By Cristina Paolozzi, October 1 2020—
On Oct. 2, the University of Calgary’s School of Creative and Performing Arts will be hosting a livestream celebrating the work of Black composers. This concert will feature classical music in the Romantic style and will be exclusively written by Black composers, dating back to the 19th century.
Edmond Agopian, professor of music at the University of Calgary, organized and will be performing in the event. The Gauntlet was able to conduct an interview with him to share the importance of this event to the campus community, as well as the Arts community in Calgary.
The Gauntlet: Would you mind giving a brief overview of this event? What can viewers expect from this performance as this event will be hosted online?
Edmond Agopian: The concert features classical music, mostly in the Romantic style, for a variety of instruments: violin, piano, voice, saxophone and string quartet. The featured musicians are U of C Music faculty, students and alumni. A number of the performers are of African heritage.
The award-winning playwright, screenwriter and author, Cheryl Foggo, will begin the concert with a reading of a monologue from one of her works documenting the Black experience in Alberta. The concert will also feature Michèle Moss — dancer, choreographer and faculty member in the School of Creative and Performing Arts.
G: I understand that you were the person to organize this event. What was the inspiration to host an event like this? Why do you believe it is important to host an event highlighting Black composers?
EA: The program was initiated in support of the Black Lives Matter movement.
It is common to associate Black composers with the world of jazz. This concert, however, puts the spotlight on Black composers who wrote in the classical music vein. Just like the jazz musicians and composers, despite their immense suffering and struggle with constant racism and discrimination, Black composers of classical music have created compositions of the first order. One of the earliest documented Black composers of classical music was Joseph Bologne (1745 –1799) who wrote symphonies, concertos, string quartets and six operas. The creative voice of Black composers is part and parcel of classical music, and this concert highlights their contribution.

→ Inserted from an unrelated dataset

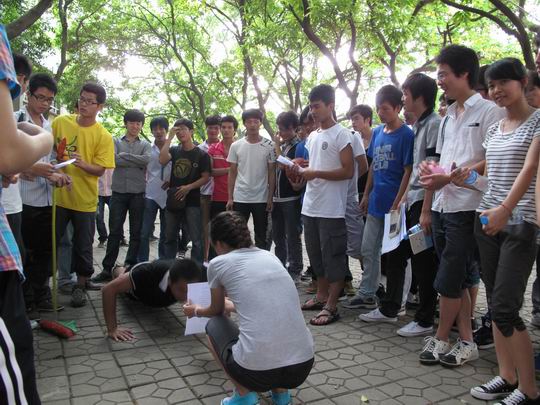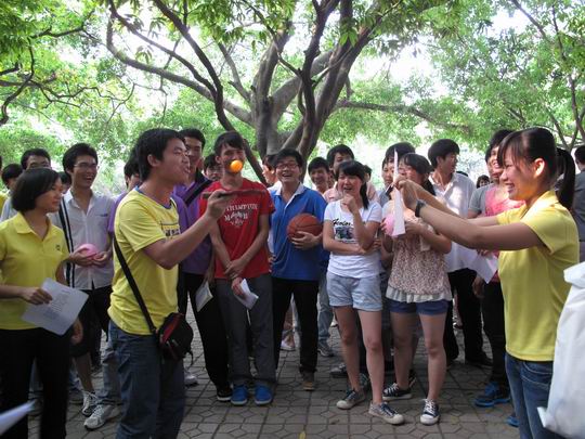 当天下午,学风建设大讨论之后,全体学员在德润楼旁的一片树林下,开展了以学风建设讨论小组为单位的团队素质拓展活动。活动共设置了“运动不NG、心有灵犀等趣味竞技游戏项目,活动项目围绕培养学生干部积极的人生观,以及通过团队讨论、凝聚共识、合理计划、互助合作来接受挑战并解决困难,从而达到统筹组织、自我管理、团体互助合作及与人相处等多方面锻炼的目的来设计。

G: What do you hope the audience will learn or experience from this performance?
EA: Audiences will have a chance to enjoy the artistry of composers with whom they might not be familiar. Some of their music is inspired by gospel music, jazz, other composers such as Mozart, for example A la Mozart by Adolphus Hailstork and by historical events like the String Quartet No. 5 Rosa Parks by Daniel Bernard Roumain.
Young Black viewers will also have a chance to be inspired by the fact that the music world has greatly benefited not just from the Black Gospel and Jazz tradition, but also from the classical music traditions that go back hundreds of years.

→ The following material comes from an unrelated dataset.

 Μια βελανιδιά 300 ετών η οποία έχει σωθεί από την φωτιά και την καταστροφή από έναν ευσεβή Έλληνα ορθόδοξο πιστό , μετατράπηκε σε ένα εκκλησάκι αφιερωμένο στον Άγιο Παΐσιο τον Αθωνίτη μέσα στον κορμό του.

G: As a performer in this livestream as well, what are you most looking forward to sharing with the audience?
EA: In terms of repertoire, the music I will be performing is steeped in the Romantic classical tradition, Gospel and modern compositional techniques. As a musician, these are styles with which I am very familiar, and I am looking forward to sharing this music with viewers. Because of COVID there will not be an audience in the Rozsa Centre — only an online audience. Performing in an empty concert hall will be a somewhat odd experience for all the performers involved, including myself. We will also be at quite a distance from each other when we are performing, so that will be acoustically challenging.